**Work required**. In the data below, set down exactly the lines from the one containing "0 Comments Francis" up to and including the one containing "Вы обращали внимание". Leave the pictures out.

Stored items:

=====

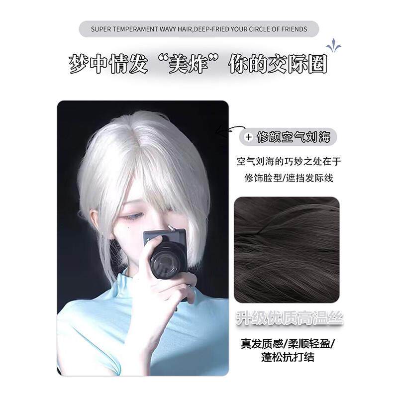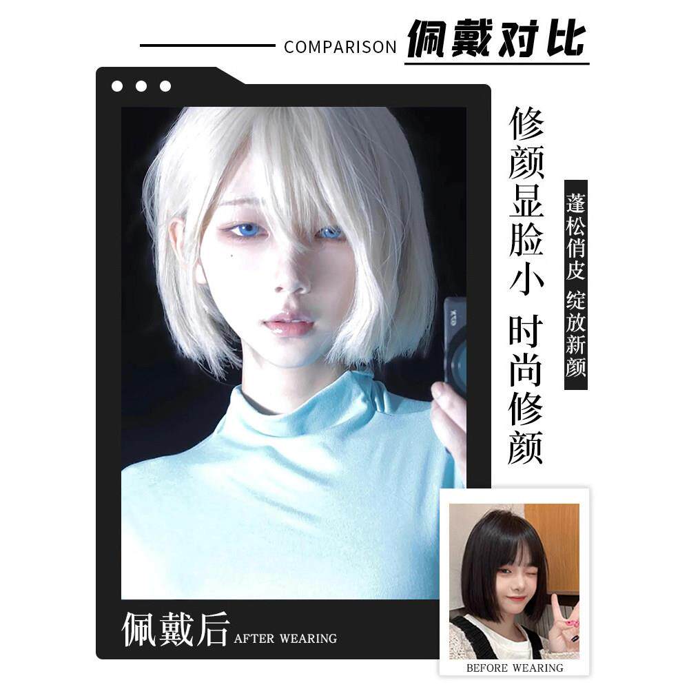 📚 白色假发女短发全头套自然可爱减龄空气浏海波波头万用整顶假发套
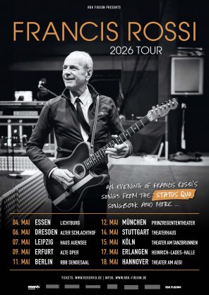 0 Comments Francis Rossi ” An Evening of Francis Rossi’s Songs from the Status Quo Songbook an more…” 15.05.2026 Köln, Theater am Tanzbrunnen […]
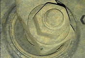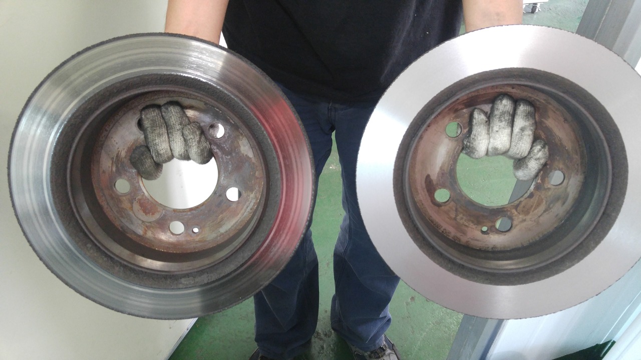 디스크도 오래되어 단차가 꽤 많이 생겼으며, 이 때문에 패드 또한 단차가 생겼다. 좌측은 오일이 누유되지 않고 쇳가루만 보이는 상태.
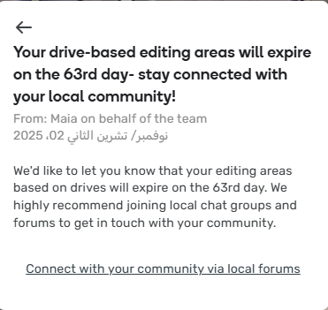 “Your drive-based editing areas will expire on the 63rd day - stay connected with your local community!”
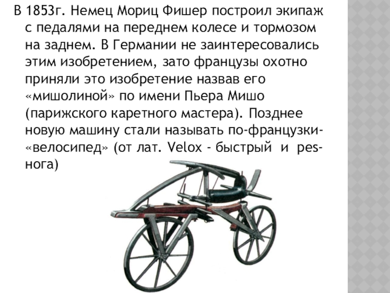 Слайд 5В 1853г. Немец Мориц Фишер построил экипаж с педалями на переднем
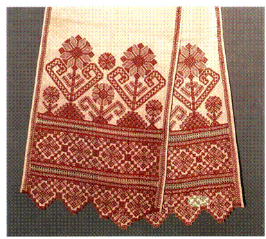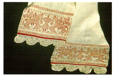Вы обращали внимание на то, как живописен русский национальный костюм, особенно женский? Белая или цветная рубаха с вышитыми плечами и рукавами, сарафан, фартук, а на голове расшитый кокошник* или лента. А как красочны мужские рубашки с вышивкой по вороту! Издавна на Руси одежду в основном изготовляли из домотканного льняного холста, реже - из шерсти. Холст ткали на примитивном станке. Украшали одежду вышивкой. Вышивка не только делала костюм красивее и богаче, но и имела другое назначение. По народному повёрию, она должна была приносить человеку счастье, оберегать его ото всякого зла и беды, сближать с окружающей природой. Поэтому узоры народных вышивок включали в себя знак Солнца в виде ромба, круга или ладьи с конской либо птичьей головой. Было здесь и изображение Матери сырой земли* в виде женской фигуры с протянутыми к Солнцу руками, и Древо жизни, и звери, и птицы, и люди. С раннего детства девочки учились вышивать. Это занятие было традиционным для русской женщины как в бедной, так и в богатой семье. Крестьянская девушка должна была готовить себе приданое: свадебный наряд, выходную одежду, постельное бельё, скатерти, полотенца, занавески и многое другое. Девушки из зажиточных и даже богатых семей вышиванием заполняли своё свободное время. Такая работа считалась самой подходящей для женщины. Любовное ласковое и очень уважительное отношение народа к труду вышивальщицы отразилось в стихах и
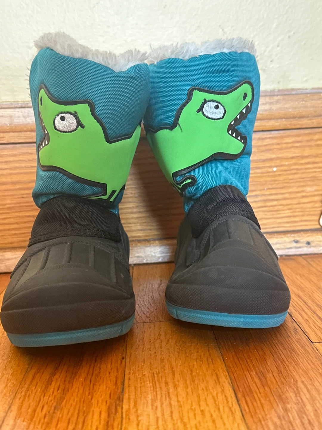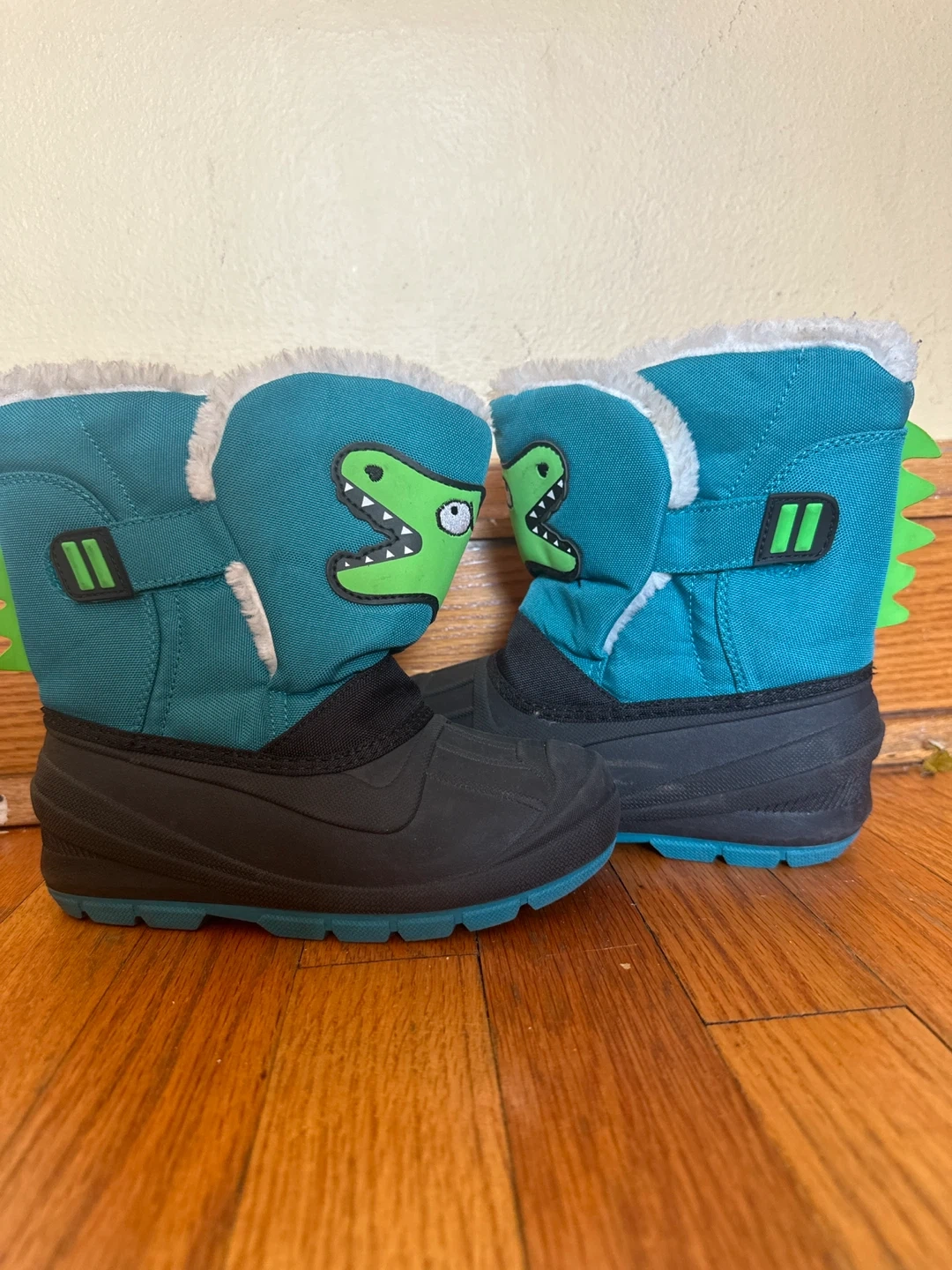 These adorable dinosaur winter boots are perfect for keeping your little one's feet warm and dry! They feature a fun dinosaur design and a cozy, fuzzy lining. The size is 12
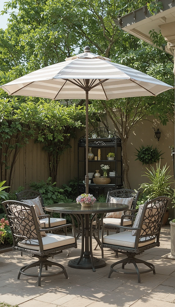 A compact patio umbrella provides shade during sunny afternoons and makes the space more comfortable to use throughout the day. Choose a neutral or striped umbrella to complement the overall design style.
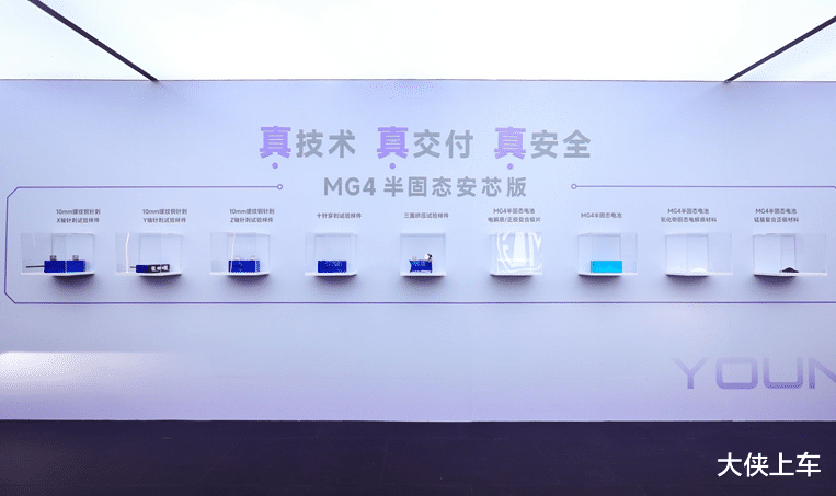同时,半固态电池的安全性也更为出色,比如MG品牌就在广州车展现场展示了全新MG4半固态安芯版的电池安全性表现,通过对搭载的半固态电池进行了行业最严苛的安全测试,通过螺纹钢穿刺、三向极限挤压、盐水浸泡、极寒冰冻、底部球击以及高温火烧等极端工况的终极检验后,电池包和电芯均均未出现热失控、起火或爆炸等现象,这也展示出半固态电池在极端情况下的可靠性。
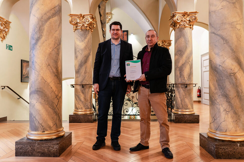 Das Bayerische Staatsministerium für Umwelt und Verbraucherschutz hat die Firma BuddyMats aus Coburg für die Teilnahme am Umwelt- und Klimapakt Bayern ausgezeichnet. Oberbürgermeister Dominik Sauerteig übergab die Urkunde samt Plakette im Rathaus in Coburg. „Der aktive Beitrag zum Klimaschutz verdient eine Auszeichnung“, so OB Dominik Sauerteig. „Sie zeigen mit ihrem Unternehmen Verantwortung für unsere Umwelt. Daran können sich noch viele ein Beispiel nehmen.“
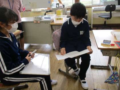 6年 国語 ペアで 公開日 2022/06/13 更新日 2022/06/13 各学年から 6月13日(月)、6年生の国語は「風切るつばさ」について読み取ったことをペアで話し合いながら、登場人物の関係を図に表していきました。 6年

=====

**Response**.
 0 Comments Francis Rossi ” An Evening of Francis Rossi’s Songs from the Status Quo Songbook an more…” 15.05.2026 Köln, Theater am Tanzbrunnen […]
 디스크도 오래되어 단차가 꽤 많이 생겼으며, 이 때문에 패드 또한 단차가 생겼다. 좌측은 오일이 누유되지 않고 쇳가루만 보이는 상태.
 “Your drive-based editing areas will expire on the 63rd day - stay connected with your local community!”
 Слайд 5В 1853г. Немец Мориц Фишер построил экипаж с педалями на переднем
Вы обращали внимание на то, как живописен русский национальный костюм, особенно женский? Белая или цветная рубаха с вышитыми плечами и рукавами, сарафан, фартук, а на голове расшитый кокошник* или лента. А как красочны мужские рубашки с вышивкой по вороту! Издавна на Руси одежду в основном изготовляли из домотканного льняного холста, реже - из шерсти. Холст ткали на примитивном станке. Украшали одежду вышивкой. Вышивка не только делала костюм красивее и богаче, но и имела другое назначение. По народному повёрию, она должна была приносить человеку счастье, оберегать его ото всякого зла и беды, сближать с окружающей природой. Поэтому узоры народных вышивок включали в себя знак Солнца в виде ромба, круга или ладьи с конской либо птичьей головой. Было здесь и изображение Матери сырой земли* в виде женской фигуры с протянутыми к Солнцу руками, и Древо жизни, и звери, и птицы, и люди. С раннего детства девочки учились вышивать. Это занятие было традиционным для русской женщины как в бедной, так и в богатой семье. Крестьянская девушка должна была готовить себе приданое: свадебный наряд, выходную одежду, постельное бельё, скатерти, полотенца, занавески и многое другое. Девушки из зажиточных и даже богатых семей вышиванием заполняли своё свободное время. Такая работа считалась самой подходящей для женщины. Любовное ласковое и очень уважительное отношение народа к труду вышивальщицы отразилось в стихах и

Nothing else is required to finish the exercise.